Segment Start: EXTRACTED ENTRIES
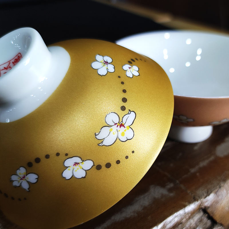 ชุดแก้วเซรามิกพอร์ซเลนลายดอกทัง ไต้หวัน ดีไซน์เคลือบมุกสีทอง ใช้กับไมโครเวฟและเครื่องล้างจานได้ บรรจุในกล่องของขวัญ
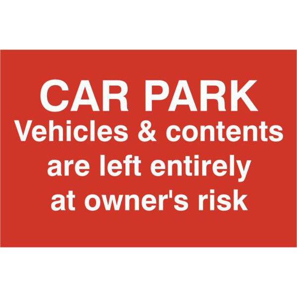 ASEC "Car Par Vehicles & Contents Left Entirely At Owners Risk" 200mm X 300mm PVC Self - 1609
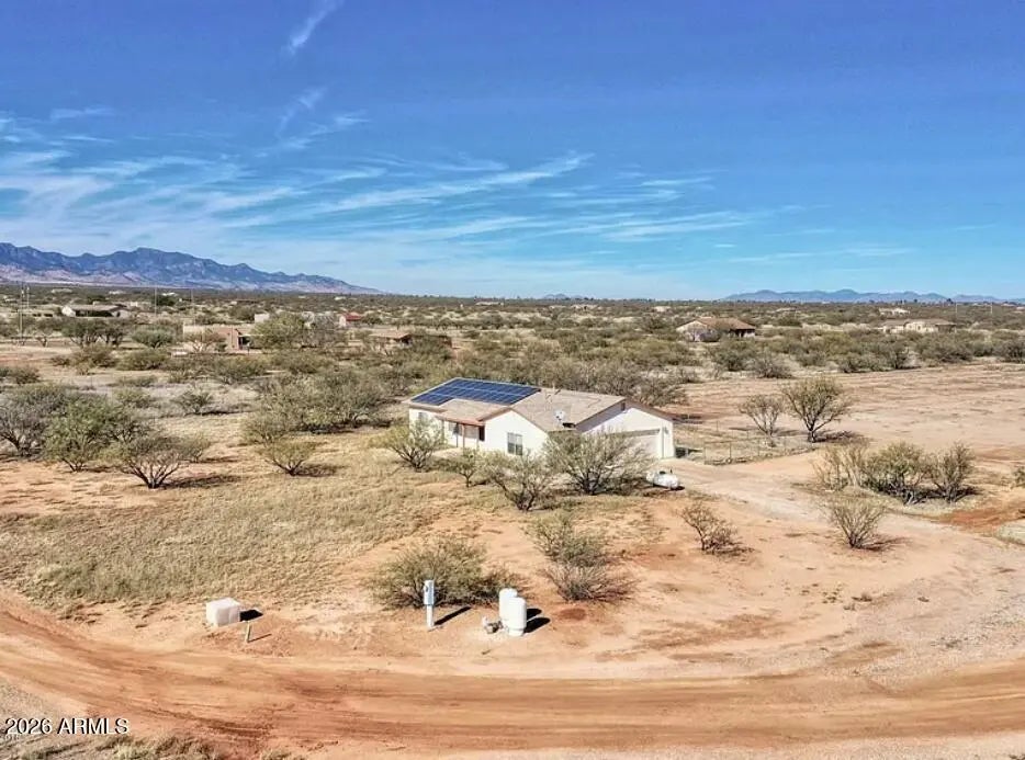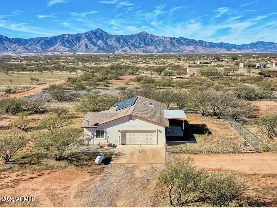 Situated on 4 acres of level, usable land, this 4-bedroom, 2-bath residence showcases sweeping mountain views and the benefit of 7 years of prepaid solar. The layout offers an open living concept that flows naturally for both daily living and hosting. The kitchen provides generous cabinet space, a central island with bar seating, and a gas cooktop. Modern lighting, updated ceiling fans, and strong natural light create a bright interior, complemented by tile flooring throughout the main areas. A split-bedroom design enhances privacy, featuring a well-sized primary suite with walk-in closet. The attached 2-car garage includes laundry connections. Outdoor space is separated for functionality, with a fenced section and a distinctive historical tie to a former World War II airstrip
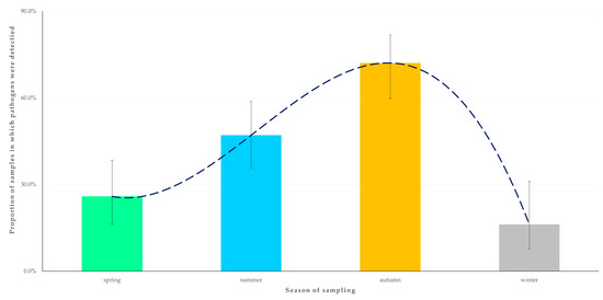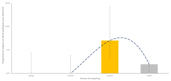 For the outcome ‘detection of two zoonotic pathogens concurrently in the faecal sample from an animal’, only the season when sampling took place (p = 0.049) emerged as a significant predictor after the univariable (Table S5) and the multivariable analysis (Table 4). Most samples in which two pathogens were detected (83.3%) were obtained during the autumn (Figure 6).
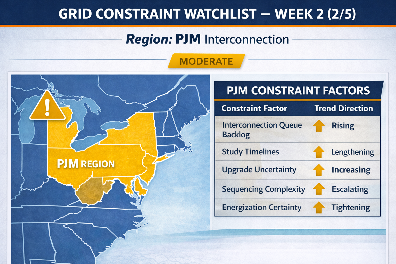 PJM remains a critical market for data infrastructure, industrial expansion, and electrified growth. However, backlog and process complexity require disciplined planning.
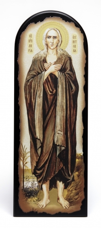 Икона на МДФ 18х50 арочная, объёмная печать, лак Мария Египетская 4
Segment End: EXTRACTED ENTRIES
Type out the data above again exactly as written, minus the images.

 ชุดแก้วเซรามิกพอร์ซเลนลายดอกทัง ไต้หวัน ดีไซน์เคลือบมุกสีทอง ใช้กับไมโครเวฟและเครื่องล้างจานได้ บรรจุในกล่องของขวัญ
 ASEC "Car Par Vehicles & Contents Left Entirely At Owners Risk" 200mm X 300mm PVC Self - 1609
 Situated on 4 acres of level, usable land, this 4-bedroom, 2-bath residence showcases sweeping mountain views and the benefit of 7 years of prepaid solar. The layout offers an open living concept that flows naturally for both daily living and hosting. The kitchen provides generous cabinet space, a central island with bar seating, and a gas cooktop. Modern lighting, updated ceiling fans, and strong natural light create a bright interior, complemented by tile flooring throughout the main areas. A split-bedroom design enhances privacy, featuring a well-sized primary suite with walk-in closet. The attached 2-car garage includes laundry connections. Outdoor space is separated for functionality, with a fenced section and a distinctive historical tie to a former World War II airstrip
 For the outcome ‘detection of two zoonotic pathogens concurrently in the faecal sample from an animal’, only the season when sampling took place (p = 0.049) emerged as a significant predictor after the univariable (Table S5) and the multivariable analysis (Table 4). Most samples in which two pathogens were detected (83.3%) were obtained during the autumn (Figure 6).
 PJM remains a critical market for data infrastructure, industrial expansion, and electrified growth. However, backlog and process complexity require disciplined planning.
 Икона на МДФ 18х50 арочная, объёмная печать, лак Мария Египетская 4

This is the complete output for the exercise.